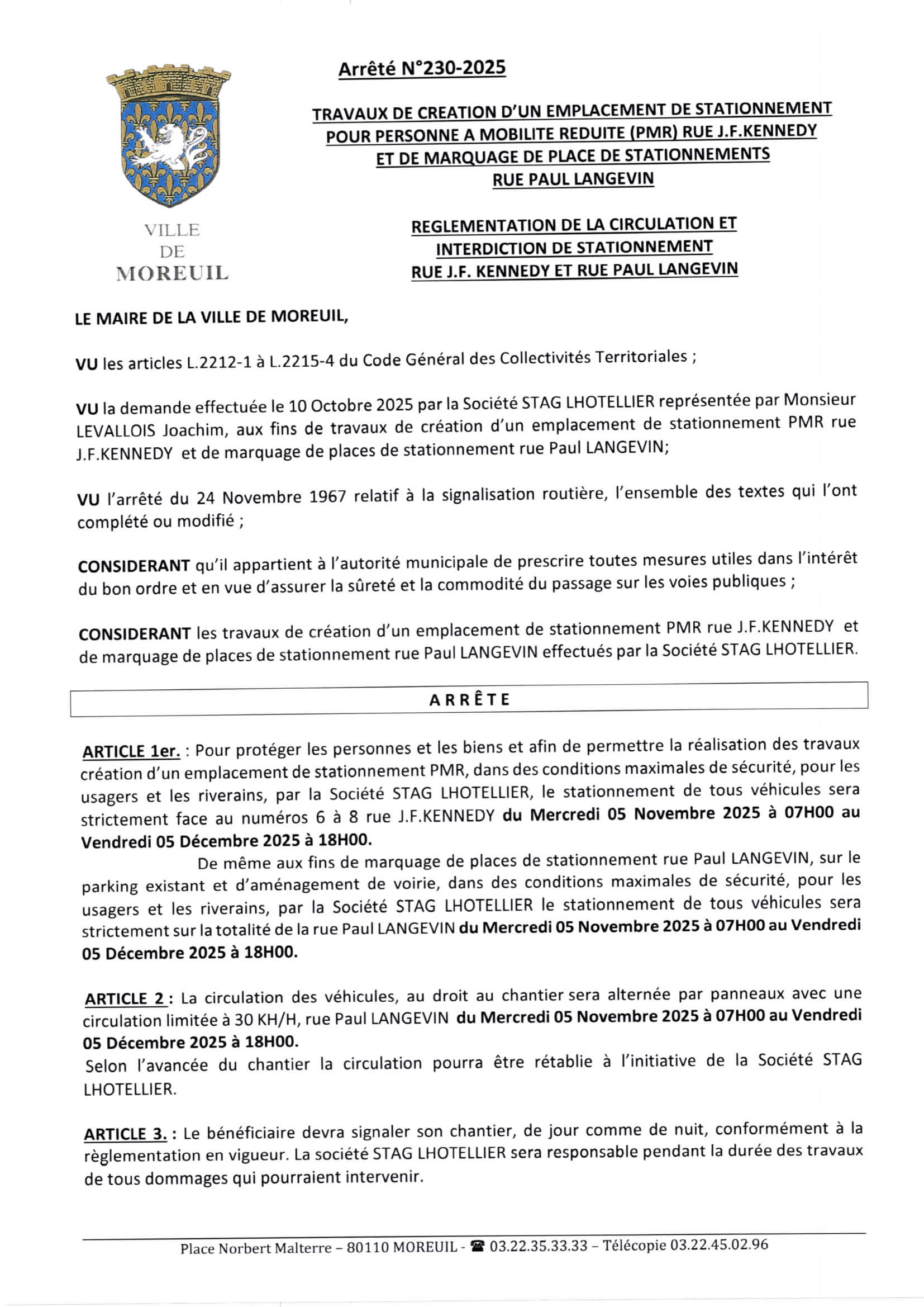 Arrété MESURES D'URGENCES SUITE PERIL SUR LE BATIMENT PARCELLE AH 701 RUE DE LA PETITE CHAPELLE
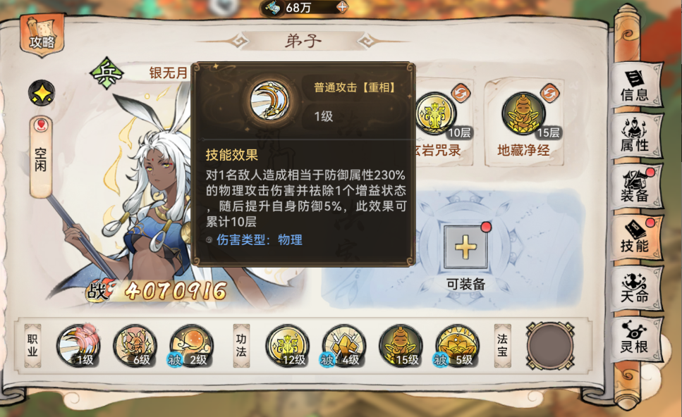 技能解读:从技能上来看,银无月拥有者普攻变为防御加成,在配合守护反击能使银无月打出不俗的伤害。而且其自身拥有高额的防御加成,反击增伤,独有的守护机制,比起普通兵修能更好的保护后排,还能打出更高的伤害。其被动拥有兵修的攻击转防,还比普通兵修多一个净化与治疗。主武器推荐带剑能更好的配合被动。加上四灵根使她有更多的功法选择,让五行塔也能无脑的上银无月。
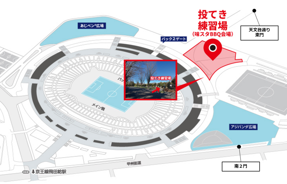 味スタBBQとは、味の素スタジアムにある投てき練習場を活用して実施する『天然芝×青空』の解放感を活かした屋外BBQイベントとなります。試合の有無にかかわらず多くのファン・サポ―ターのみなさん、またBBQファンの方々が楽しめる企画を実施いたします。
▬▬▬
• **Requirement**: Reproduce the full listing verbatim so that only the pictures are missing.

• **The completed task**:
 Arrété MESURES D'URGENCES SUITE PERIL SUR LE BATIMENT PARCELLE AH 701 RUE DE LA PETITE CHAPELLE
 技能解读:从技能上来看,银无月拥有者普攻变为防御加成,在配合守护反击能使银无月打出不俗的伤害。而且其自身拥有高额的防御加成,反击增伤,独有的守护机制,比起普通兵修能更好的保护后排,还能打出更高的伤害。其被动拥有兵修的攻击转防,还比普通兵修多一个净化与治疗。主武器推荐带剑能更好的配合被动。加上四灵根使她有更多的功法选择,让五行塔也能无脑的上银无月。
 味スタBBQとは、味の素スタジアムにある投てき練習場を活用して実施する『天然芝×青空』の解放感を活かした屋外BBQイベントとなります。試合の有無にかかわらず多くのファン・サポ―ターのみなさん、またBBQファンの方々が楽しめる企画を実施いたします。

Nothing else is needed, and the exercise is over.